The RSA SHA-256 digital signature is generated as follows:
Generate a digital signature of the bytes of the UTF-8 representation
of the JWS Secured Input
(which is the same as the ASCII representation)
using RSASSA-PKCS1-V1_5-SIGN
and the SHA-256 hash function with the desired private
key. The output will be a byte array.
Base64url encode the resulting byte array.
The output is the Encoded JWS Signature for that JWS.
The RSA SHA-256 digital signature for a JWS is validated as follows:
Take the Encoded JWS Signature and base64url decode it into
a byte array. If decoding fails, the JWS MUST
be rejected.
Submit the bytes of the UTF-8 representation of the JWS Secured Input
(which is the same as the ASCII representation)
and the public key corresponding to the private key used
by the signer to the RSASSA-PKCS1-V1_5-VERIFY algorithm
using SHA-256 as the hash function.
If the validation fails, the JWS MUST be rejected.
Signing with the RSA SHA-384 and RSA SHA-512 algorithms is
performed identically to the procedure for RSA SHA-256 - just
with correspondingly larger result values.

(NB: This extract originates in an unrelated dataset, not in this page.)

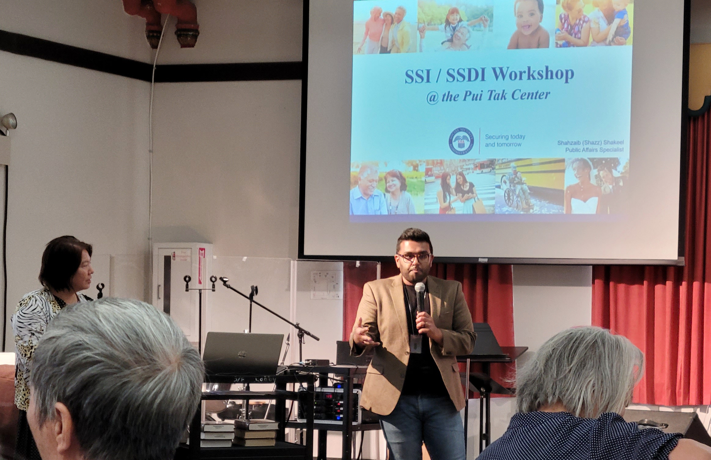 社會保障辦事處(SSA)於7月中在培德中心舉辦講座,為43名參加者提供實用資訊。辦事處專員Shahzaib(Shazz)Shakeel在講座後特別安排個別諮詢時間,解答參加者的疑難。當日共有5個歷時超過10年的個案獲得妥善處理與後續跟進,包括工作點數(Work credits)計算爭議,以及退休金少收問題的解決方案。

The Elliptic Curve Digital Signature Algorithm (ECDSA) is
defined by FIPS 186-3. ECDSA
provides for the use of Elliptic Curve cryptography, which is
able to provide equivalent security to RSA cryptography but
using shorter key sizes and with greater processing
speed. This means that ECDSA digital signatures will be substantially
smaller in terms of length than equivalently strong RSA
digital signatures.
This specification defines the use of ECDSA with the P-256
curve and the SHA-256 cryptographic hash function, ECDSA
with the P-384 curve and the SHA-384 hash function, and
ECDSA with the P-521 curve and the SHA-512 hash
function. The P-256, P-384, and P-521 curves are also
defined in FIPS 186-3. The alg (algorithm) header parameter values ES256, ES384, and ES512 are used in the JWS Header
to indicate that the Encoded JWS Signature contains a base64url
encoded ECDSA P-256 SHA-256, ECDSA P-384 SHA-384, or ECDSA
P-521 SHA-512 digital signature, respectively.

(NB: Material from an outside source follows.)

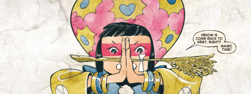 What I liked most about the reimaginings within this issue is that despite being called Demon Days: X-Men, it doesn’t limit itself to characters within the X-Men bubble. There’s a take on Venom who is a giant snake living in a cave while The Hulk is an Oni that wreaks havoc on a small village and Black Widow makes a small appearance towards the end where she seems to be a headteacher or some kind of guardian of children. It’s a more expansive vision of the Marvel Universe than you’d think it would be based on the title and it just gives Momoko more tools to play with in future instalments.

A key of size 160 bits or larger MUST be used with these algorithms.
The ECDSA P-256 SHA-256 digital signature is generated as follows:
Generate a digital signature of the bytes of the UTF-8 representation
of the JWS Secured Input
(which is the same as the ASCII representation)
using ECDSA P-256 SHA-256 with
the desired private key. The output will be the EC point
(R, S), where R and S are unsigned integers.
Turn R and S into byte arrays in big endian order. Each
array will be 32 bytes long.
Concatenate the two byte arrays in the order R and then S.
Base64url encode the resulting 64 byte array.
The output is the Encoded JWS Signature for the JWS.
The ECDSA P-256 SHA-256 digital signature for a JWS is validated as follows:
Take the Encoded JWS Signature and base64url decode it into
a byte array. If decoding fails, the JWS MUST
be rejected.
The output of the base64url decoding MUST be a 64 byte
array.
Split the 64 byte array into two 32 byte arrays. The first
array will be R and the second S
(with both being in big endian byte order).
Submit the bytes of the UTF-8 representation of the JWS Secured Input
(which is the same as the ASCII representation),
R, S and the public key (x, y) to the ECDSA P-256
SHA-256 validator.
If the validation fails, the JWS MUST be rejected.
The ECDSA validator will then determine if the digital
signature is valid, given the inputs. Note that ECDSA digital
signature contains a value referred to as K, which is a random
number generated for each digital signature instance. This
means that two ECDSA digital signatures using exactly the same
input parameters will output different signature values because
their K values will be different. The consequence of this is
that one must validate an ECDSA digital signature by submitting the
previously specified inputs to an ECDSA validator.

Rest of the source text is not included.